+++ Supplied data +++

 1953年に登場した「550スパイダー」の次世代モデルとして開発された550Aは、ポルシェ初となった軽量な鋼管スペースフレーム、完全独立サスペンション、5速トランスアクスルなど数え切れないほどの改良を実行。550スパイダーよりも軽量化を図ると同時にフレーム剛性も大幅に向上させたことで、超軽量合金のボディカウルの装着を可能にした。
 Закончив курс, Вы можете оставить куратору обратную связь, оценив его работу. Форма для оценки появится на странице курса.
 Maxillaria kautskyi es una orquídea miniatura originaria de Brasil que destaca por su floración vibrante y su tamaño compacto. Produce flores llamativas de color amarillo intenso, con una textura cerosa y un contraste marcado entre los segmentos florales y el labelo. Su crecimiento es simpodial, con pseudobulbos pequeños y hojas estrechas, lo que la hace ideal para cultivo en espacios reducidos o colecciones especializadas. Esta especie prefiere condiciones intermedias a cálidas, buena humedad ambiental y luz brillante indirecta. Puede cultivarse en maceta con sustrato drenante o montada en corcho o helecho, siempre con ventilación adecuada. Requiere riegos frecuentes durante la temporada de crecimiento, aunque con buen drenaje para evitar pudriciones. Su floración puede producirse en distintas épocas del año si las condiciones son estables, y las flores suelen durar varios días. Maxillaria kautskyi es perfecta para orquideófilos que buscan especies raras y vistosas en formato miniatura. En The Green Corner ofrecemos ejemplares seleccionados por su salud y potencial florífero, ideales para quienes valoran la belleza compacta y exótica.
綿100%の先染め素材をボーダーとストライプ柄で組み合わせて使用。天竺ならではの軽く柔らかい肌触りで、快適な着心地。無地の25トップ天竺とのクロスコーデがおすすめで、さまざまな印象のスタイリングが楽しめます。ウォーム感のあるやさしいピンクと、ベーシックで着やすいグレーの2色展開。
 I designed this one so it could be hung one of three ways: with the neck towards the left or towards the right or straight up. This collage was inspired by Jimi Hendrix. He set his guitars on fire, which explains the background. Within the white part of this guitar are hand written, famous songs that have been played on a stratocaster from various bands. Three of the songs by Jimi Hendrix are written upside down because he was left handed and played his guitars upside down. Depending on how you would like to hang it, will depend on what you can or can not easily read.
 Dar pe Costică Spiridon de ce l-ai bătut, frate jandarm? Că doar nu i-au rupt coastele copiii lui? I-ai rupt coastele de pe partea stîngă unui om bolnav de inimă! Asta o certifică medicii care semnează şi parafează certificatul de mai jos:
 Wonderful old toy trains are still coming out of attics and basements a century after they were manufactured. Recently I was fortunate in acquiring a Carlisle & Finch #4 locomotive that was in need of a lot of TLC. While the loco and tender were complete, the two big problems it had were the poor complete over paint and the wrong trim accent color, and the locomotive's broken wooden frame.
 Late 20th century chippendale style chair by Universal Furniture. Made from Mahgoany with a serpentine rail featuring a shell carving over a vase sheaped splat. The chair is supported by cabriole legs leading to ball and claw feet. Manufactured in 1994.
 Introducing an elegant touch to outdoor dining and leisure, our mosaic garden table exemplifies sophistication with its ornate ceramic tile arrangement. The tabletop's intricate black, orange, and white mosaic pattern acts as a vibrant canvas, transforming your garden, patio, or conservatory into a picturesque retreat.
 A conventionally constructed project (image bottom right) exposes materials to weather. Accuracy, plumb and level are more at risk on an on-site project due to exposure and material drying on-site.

+++

Your assignment:
Down to the last line, retype the entries above exactly.

The answer:
 1953年に登場した「550スパイダー」の次世代モデルとして開発された550Aは、ポルシェ初となった軽量な鋼管スペースフレーム、完全独立サスペンション、5速トランスアクスルなど数え切れないほどの改良を実行。550スパイダーよりも軽量化を図ると同時にフレーム剛性も大幅に向上させたことで、超軽量合金のボディカウルの装着を可能にした。
 Закончив курс, Вы можете оставить куратору обратную связь, оценив его работу. Форма для оценки появится на странице курса.
 Maxillaria kautskyi es una orquídea miniatura originaria de Brasil que destaca por su floración vibrante y su tamaño compacto. Produce flores llamativas de color amarillo intenso, con una textura cerosa y un contraste marcado entre los segmentos florales y el labelo. Su crecimiento es simpodial, con pseudobulbos pequeños y hojas estrechas, lo que la hace ideal para cultivo en espacios reducidos o colecciones especializadas. Esta especie prefiere condiciones intermedias a cálidas, buena humedad ambiental y luz brillante indirecta. Puede cultivarse en maceta con sustrato drenante o montada en corcho o helecho, siempre con ventilación adecuada. Requiere riegos frecuentes durante la temporada de crecimiento, aunque con buen drenaje para evitar pudriciones. Su floración puede producirse en distintas épocas del año si las condiciones son estables, y las flores suelen durar varios días. Maxillaria kautskyi es perfecta para orquideófilos que buscan especies raras y vistosas en formato miniatura. En The Green Corner ofrecemos ejemplares seleccionados por su salud y potencial florífero, ideales para quienes valoran la belleza compacta y exótica.
綿100%の先染め素材をボーダーとストライプ柄で組み合わせて使用。天竺ならではの軽く柔らかい肌触りで、快適な着心地。無地の25トップ天竺とのクロスコーデがおすすめで、さまざまな印象のスタイリングが楽しめます。ウォーム感のあるやさしいピンクと、ベーシックで着やすいグレーの2色展開。
 I designed this one so it could be hung one of three ways: with the neck towards the left or towards the right or straight up. This collage was inspired by Jimi Hendrix. He set his guitars on fire, which explains the background. Within the white part of this guitar are hand written, famous songs that have been played on a stratocaster from various bands. Three of the songs by Jimi Hendrix are written upside down because he was left handed and played his guitars upside down. Depending on how you would like to hang it, will depend on what you can or can not easily read.
 Dar pe Costică Spiridon de ce l-ai bătut, frate jandarm? Că doar nu i-au rupt coastele copiii lui? I-ai rupt coastele de pe partea stîngă unui om bolnav de inimă! Asta o certifică medicii care semnează şi parafează certificatul de mai jos:
 Wonderful old toy trains are still coming out of attics and basements a century after they were manufactured. Recently I was fortunate in acquiring a Carlisle & Finch #4 locomotive that was in need of a lot of TLC. While the loco and tender were complete, the two big problems it had were the poor complete over paint and the wrong trim accent color, and the locomotive's broken wooden frame.
 Late 20th century chippendale style chair by Universal Furniture. Made from Mahgoany with a serpentine rail featuring a shell carving over a vase sheaped splat. The chair is supported by cabriole legs leading to ball and claw feet. Manufactured in 1994.
 Introducing an elegant touch to outdoor dining and leisure, our mosaic garden table exemplifies sophistication with its ornate ceramic tile arrangement. The tabletop's intricate black, orange, and white mosaic pattern acts as a vibrant canvas, transforming your garden, patio, or conservatory into a picturesque retreat.
 A conventionally constructed project (image bottom right) exposes materials to weather. Accuracy, plumb and level are more at risk on an on-site project due to exposure and material drying on-site.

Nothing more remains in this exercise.